MARDER..HEP ÖNCÜ…HEP LİDER..!!

Tarım ve Hayvancılık iş kolunda  sadece Karacabey ve Bursa’ya değil tüm Türkiye’ye örnek nitelikte çalışmalar ortaya koyan hiçbir zaman gelmiş olduğu seviyeden tatmin olmayarak Ar-ge çalışmalarıyla bunu her zaman  daha yukarılara çıkartma uğraşı veren  Türkiye’mizin yüz akı Marder Tarım ve Hayvancılık Yönetim Kurulu Başkanı İsmail Sol ile başta okuyucularımızdan gelen merak uyandıran sorulara cevaplar aldığımız kapsamlı bir röportaj gerçekleştirdik.

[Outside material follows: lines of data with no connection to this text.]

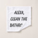 Ce joli ensemble de serviettes en noir et blanc est accentué par le dicton, Alexa, Nettoyer la salle de bain, en caractères gras, ce qui en fait l'accessoire parfait de la salle de bain!
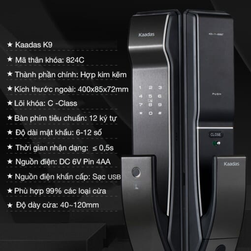 - Như các dòng khóa cửa khác của Kaadas, K9 sử dụng công nghệ vân tay bán dẫn FPC Thụy Điển độ bảo mật cao, độ nhạy lên tới 0,05s.
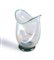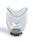 Vaso in vetro soffiato incolore iridato di forma schiacciata al centro su basso piede circolare verde altezza cm 16
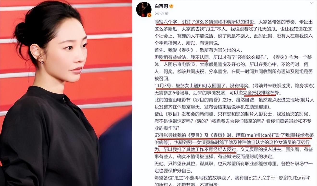 随后,11与7日,资深演技派郝蕾疑似在朋友圈发表长文,六连问,矛头直指三大国际电影节——抨击戛纳“装孙子”,质疑威尼斯影后辛芷蕾的含金量,嘲讽“几个名不见经传的女性玩转了东京”。一时间,继古二录音门事件之后,影视圈的暗流被彻底搅动,表面光鲜的国际奖项背后,那些不为人知的博弈与暗涌,终于浮出水面。原来哪里的水都不清白,原来,电影界最高的艺术类电影大奖也充满了金钱的铜臭味……01本届东京电影节本该是华语电影的又一次闪耀。白百何主演的《春树》入围主竞赛单元,她带着两个儿子飞赴日本,对这次盛会表现出高度重视。然而,闭幕式前两天的11月3日,制片人彭瑾通知白百何“没有得奖,不用参加闭幕式”,建议她提前回国。
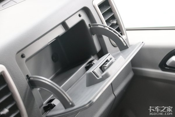 受驾驶室尺寸的影响,副驾驶前方的手套箱尺寸比较小一些,大家可以把平时行车必备的各种证件、文件等放置在这里,寻找也比较方便。
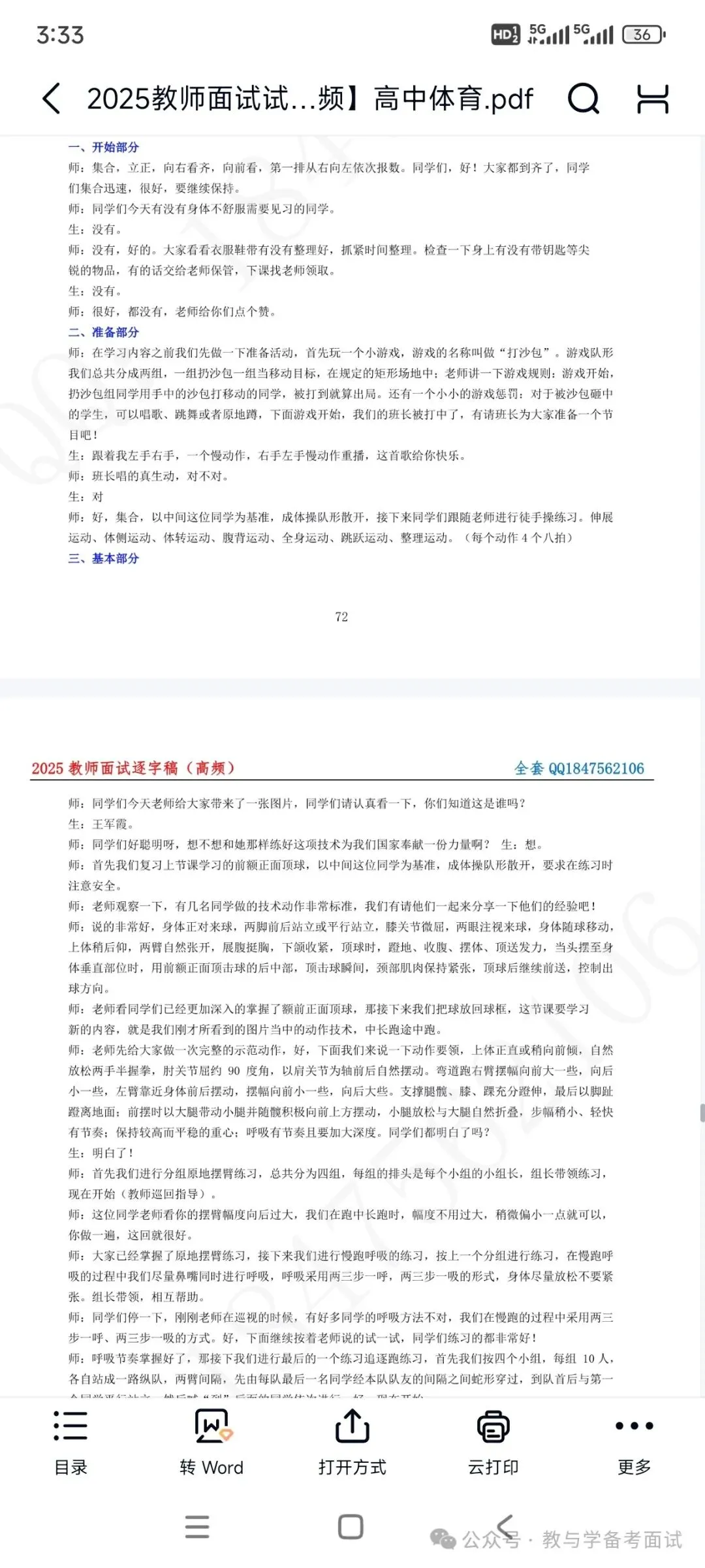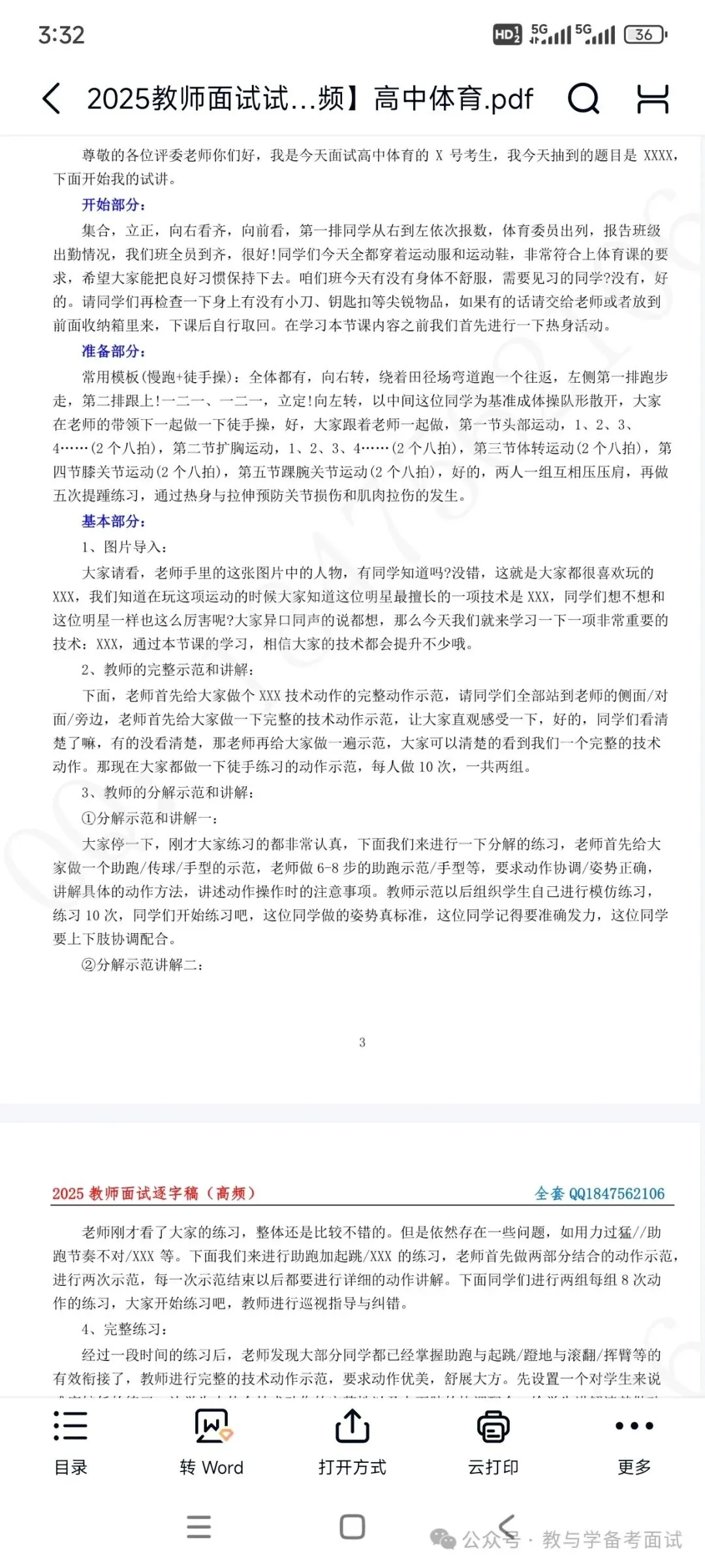 资料包括:高中体育试讲示范课+试讲逐字稿+试讲面试真题+答辩+结构化押题等
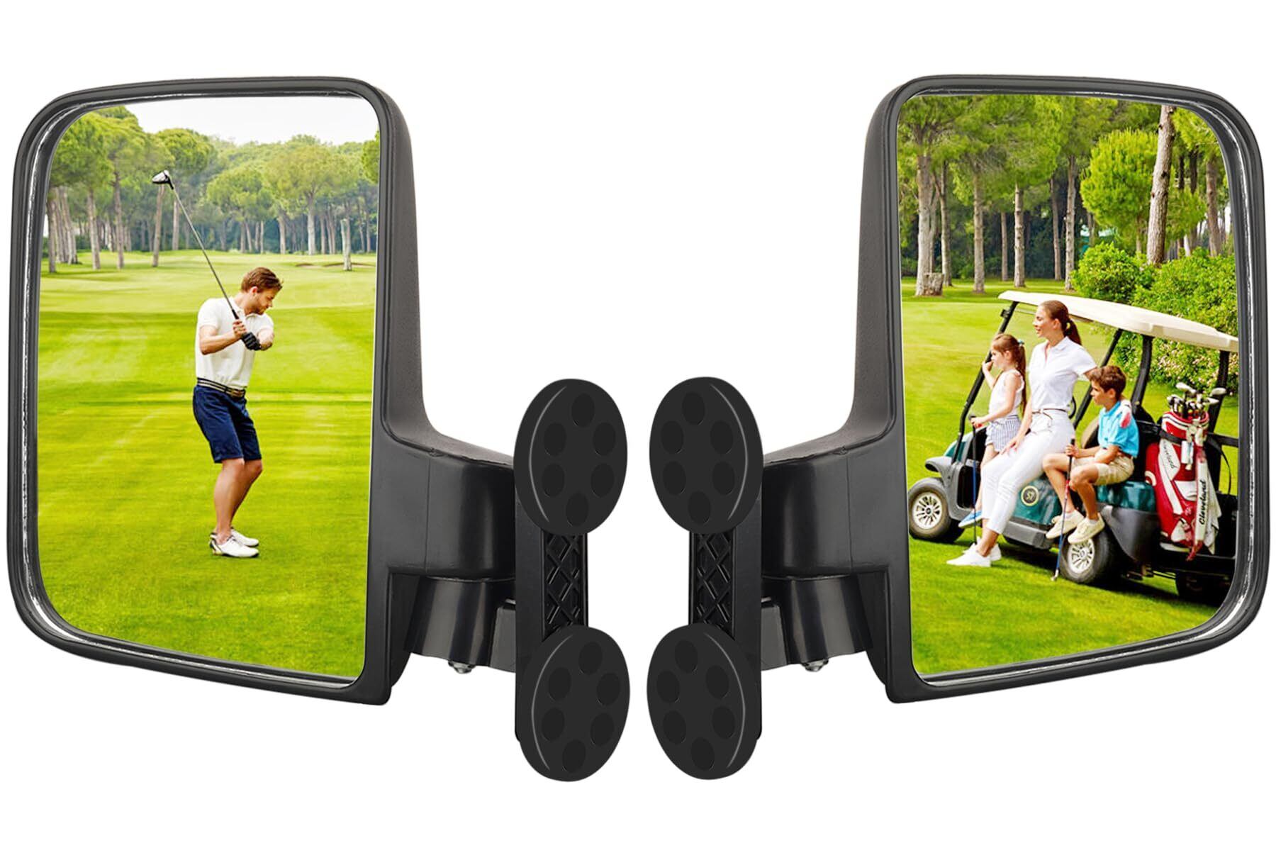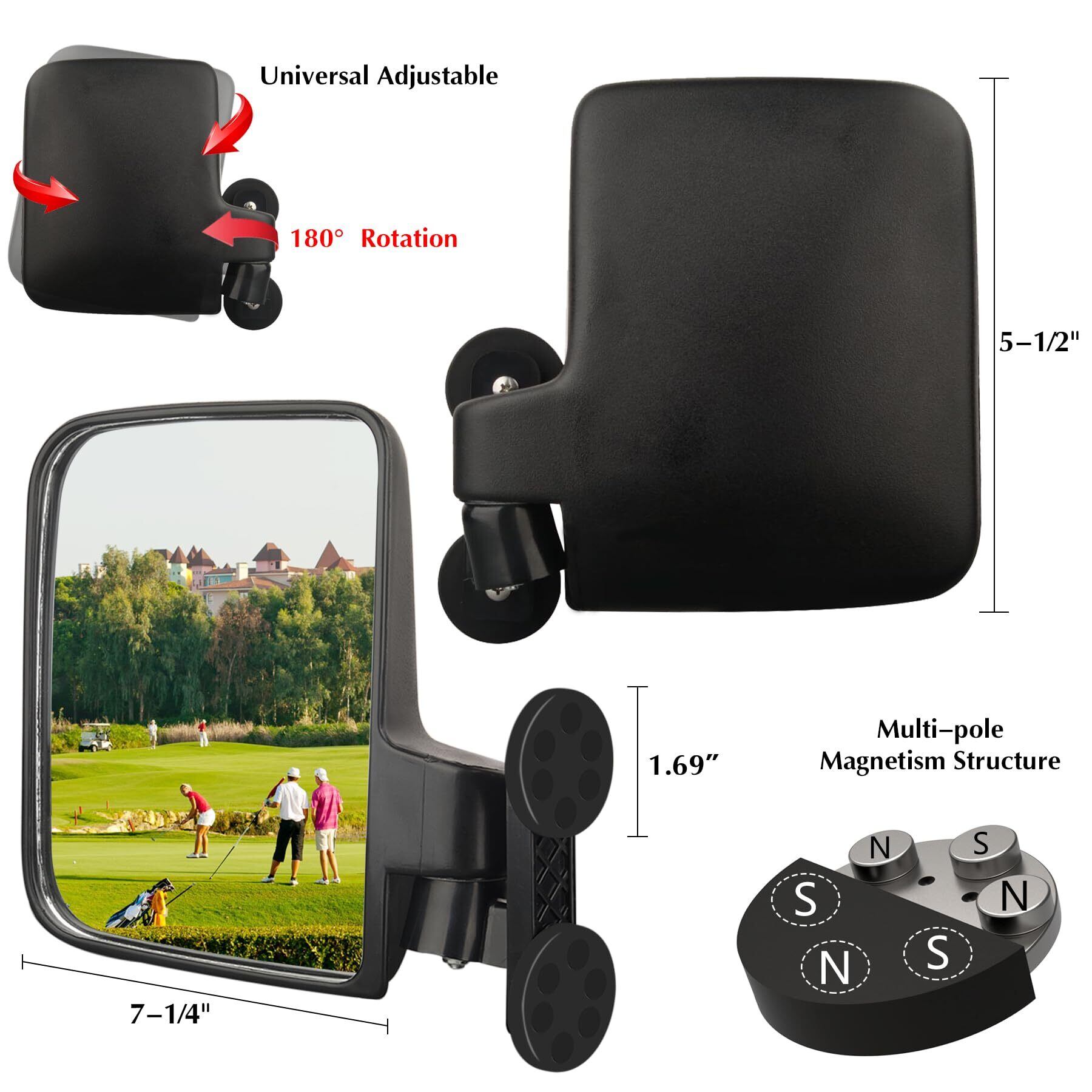 【滑り止めゴルフカートアクセサリー 穴あけ不要】トラクターミラー2個セット、マグネットベース付き右手ミラー、左手ミラー1個、ゴムコーティングマグネットはマグネットに保護層があり、塗装の損傷を防ぎます。
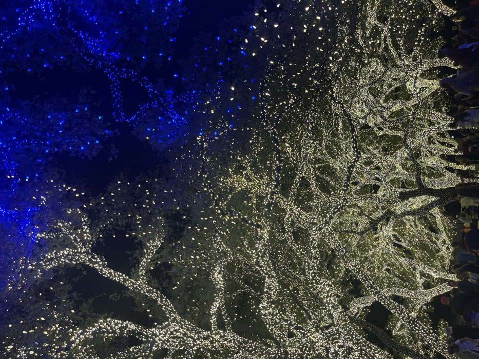 - "A tree is adorned with numerous strings of lights, predominantly white with a section illuminated in blue, creating a striking contrast" by FM-SFpYu2, licensed under CC BY 4.0
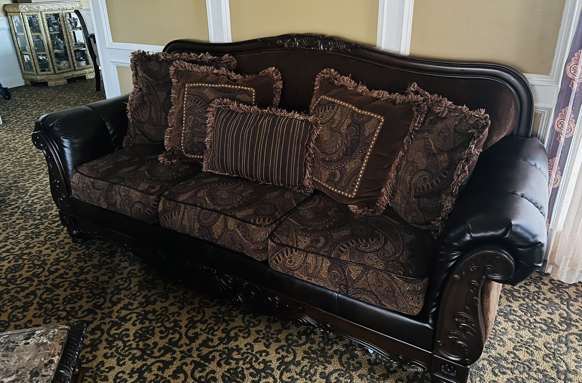 One year old Ashley‘s furniture set moving sale everything is still like brand new moving moving bundle! Curtains lamps tables chairs all included! Color brown Couches Curtains Lamps Mirror Sofa Love seat Accent chair Moving sale everything must go
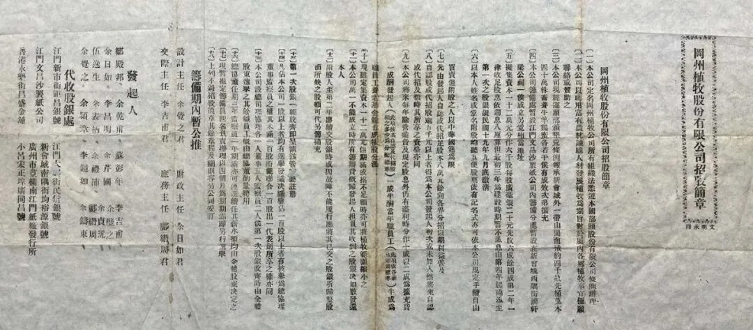 公司租用新会城一带山岗荒地,首期面积4000亩,种植果木40万棵,林下蓄养牛、羊、鸡、蜜。为筹集资金,公司在江门新市街钜昌银号、新会城南隅街均裕银号、香港永乐街昌盛金铺、小吕宋正埠广同昌号设立招股办事处,发行股票6000股,募集资金12万元。后期,冈州植牧股份有限公司扩大经营,再向大泽及银盏坳(地名)一带租地,开垦植树。

****İsmail Bey bizleri, ekibimizi Karacabey’in Hemen yakınındaki Her şeyin düşünülmüş olduğunu gördüğümüz hijyen kurallarına aşırı derecede önem verdiğiniz tam donanımlı çiftliğinizde konuk edip ağırlamış olmanızdan dolayı teşekkür etmek istiyorum.Sorularımıza geçmeden evvel kısaca sizi ve Marder’i tanımak isteriz.

—- Biz daha önce Tarım İşletmeleri Genel Müdürlüğü Karacabey tarım işletmesinde bilfiil yaklaşık 10 sene çalıştık. Hayvana aşinalığımızda oradan geliyor.10 sene az bir zaman değil insan ömründe.Daha sonra farklı nedenlerden dolayı oradan ayrılmak zorunda kaldık farklı bir sektörde biraz faaliyet gösterdikten sonra tekrar bu sefer kendi çiftliğimizi kurduk 2017 yılında.Marder firması adı altında kurduk ve o zamandan beri faaliyetimizi yürütüyoruz. 2017’nin Ağustos ayında biz yaklaşık 370 tane gebe düveyle başladık, şu anda yaklaşık 1100 tane hayvanımız var.Şu anda yaklaşık 40 personelimiz ile birlikte çalışıyoruz.Bunun yanı sıra tabii kendi kaba yemimizi üretmek için tarlalarda ekip biçiyoruz.Piyasadaki  bu kaba yem çok kaliteli olmayabiliyor kaba yem çok kaliteli olmadığı zaman da tahıl grubuna yüklenmek zorunda kalıyorsunuz ,bu da sağlıksız bir beslenmeye yol açıyor. Dolayısıyla biz kendi kaba yemimizi kendimiz üretmeye çalışıyoruz. Orada da tabii bir miktar istihdam sağlamış oluyoruz.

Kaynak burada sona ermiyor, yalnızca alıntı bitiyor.